## ASSIGNMENT
Make an exact copy, from the records below, of the lines from the line containing "6.换到长卷鱼鱼饵,我们就可" to the line containing "- 누군가가 메시지를", both lines included, excluding pictures.

## DATA IN THIS EXERCISE
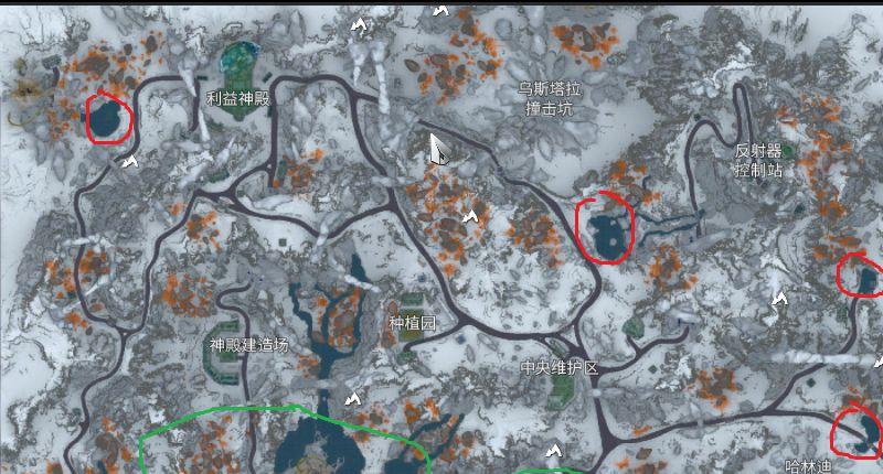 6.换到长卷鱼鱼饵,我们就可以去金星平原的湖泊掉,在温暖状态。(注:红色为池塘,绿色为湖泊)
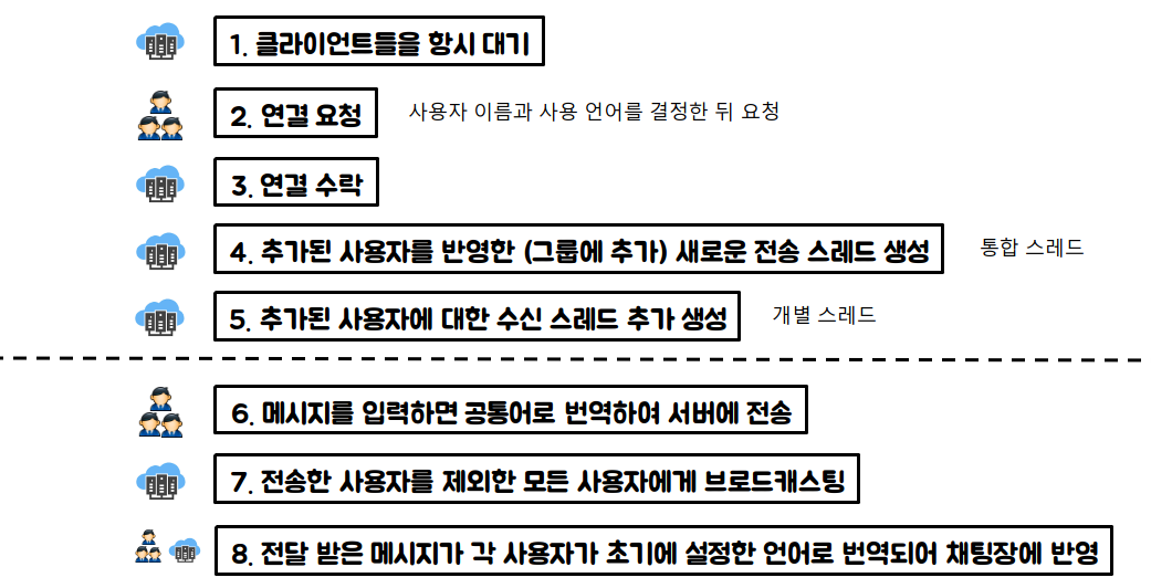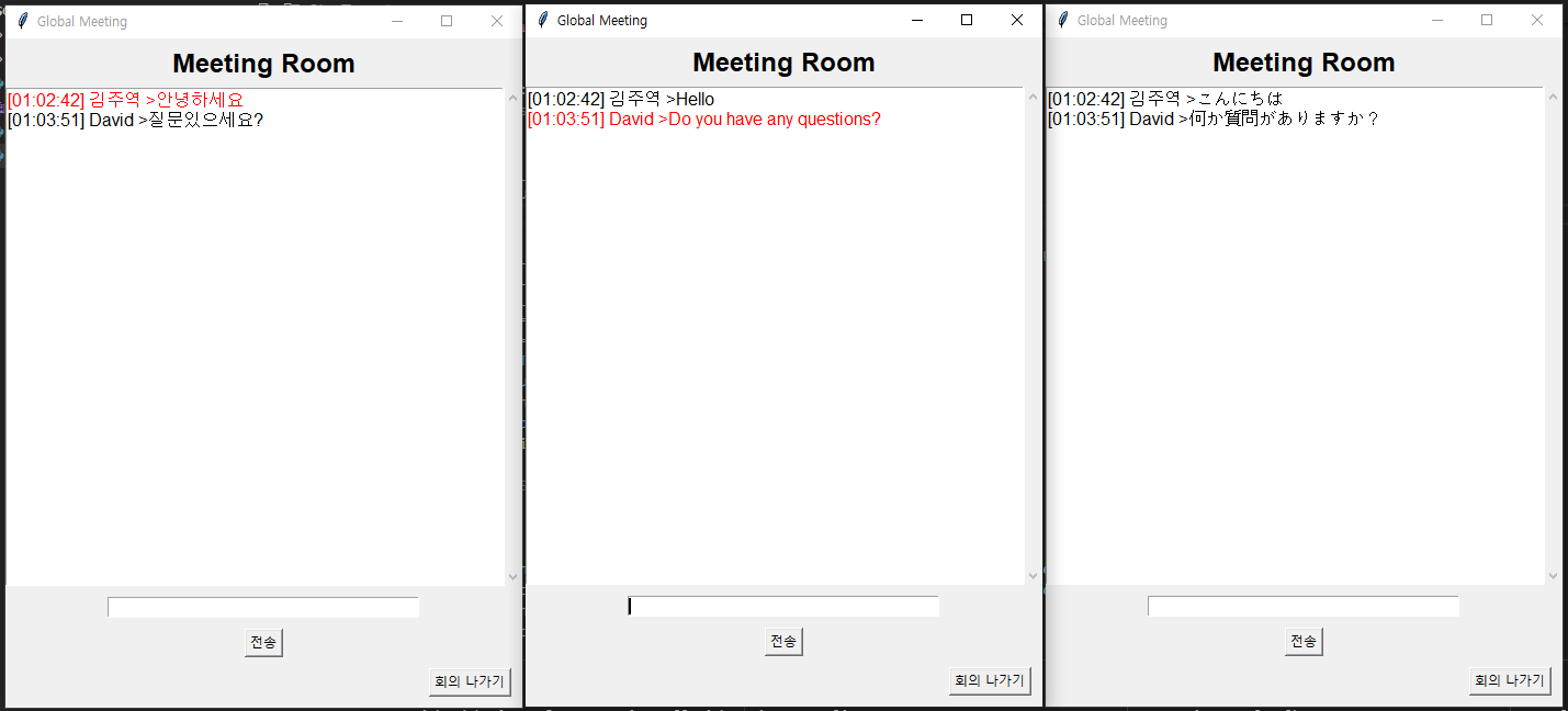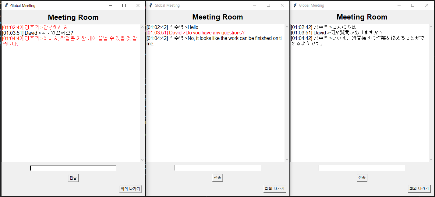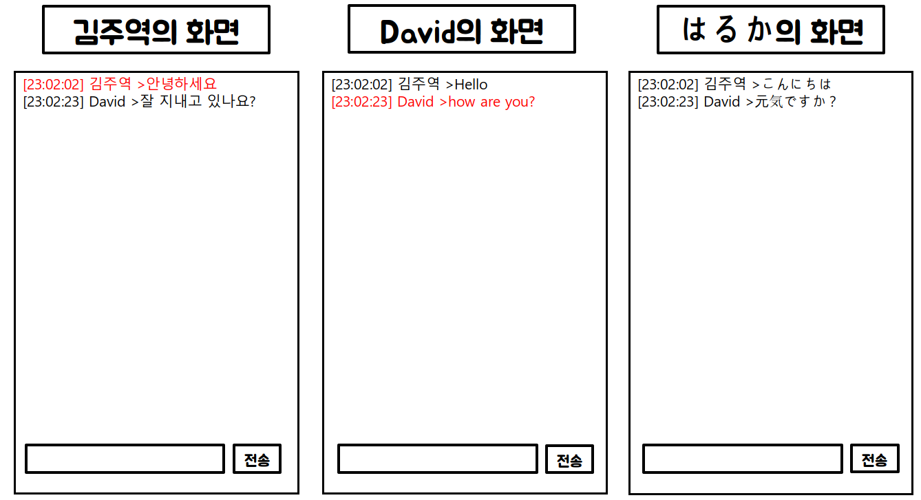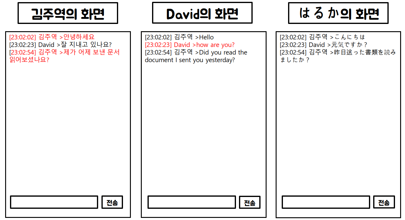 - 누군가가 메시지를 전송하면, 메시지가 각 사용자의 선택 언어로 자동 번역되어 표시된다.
* * *
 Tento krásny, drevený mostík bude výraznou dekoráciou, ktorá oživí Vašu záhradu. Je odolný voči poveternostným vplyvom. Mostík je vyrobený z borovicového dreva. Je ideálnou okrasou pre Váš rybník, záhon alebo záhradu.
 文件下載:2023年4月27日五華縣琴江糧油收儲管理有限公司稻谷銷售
--
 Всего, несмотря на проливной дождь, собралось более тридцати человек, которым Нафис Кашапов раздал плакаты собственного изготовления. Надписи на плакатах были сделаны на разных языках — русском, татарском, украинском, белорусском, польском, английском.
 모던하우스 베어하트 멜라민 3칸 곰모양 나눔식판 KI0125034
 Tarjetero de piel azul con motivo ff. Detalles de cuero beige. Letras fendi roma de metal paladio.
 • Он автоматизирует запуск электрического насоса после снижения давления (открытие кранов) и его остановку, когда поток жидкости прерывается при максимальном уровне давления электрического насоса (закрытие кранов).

## ANSWER AREA
 6.换到长卷鱼鱼饵,我们就可以去金星平原的湖泊掉,在温暖状态。(注:红色为池塘,绿色为湖泊)
 - 누군가가 메시지를 전송하면, 메시지가 각 사용자의 선택 언어로 자동 번역되어 표시된다.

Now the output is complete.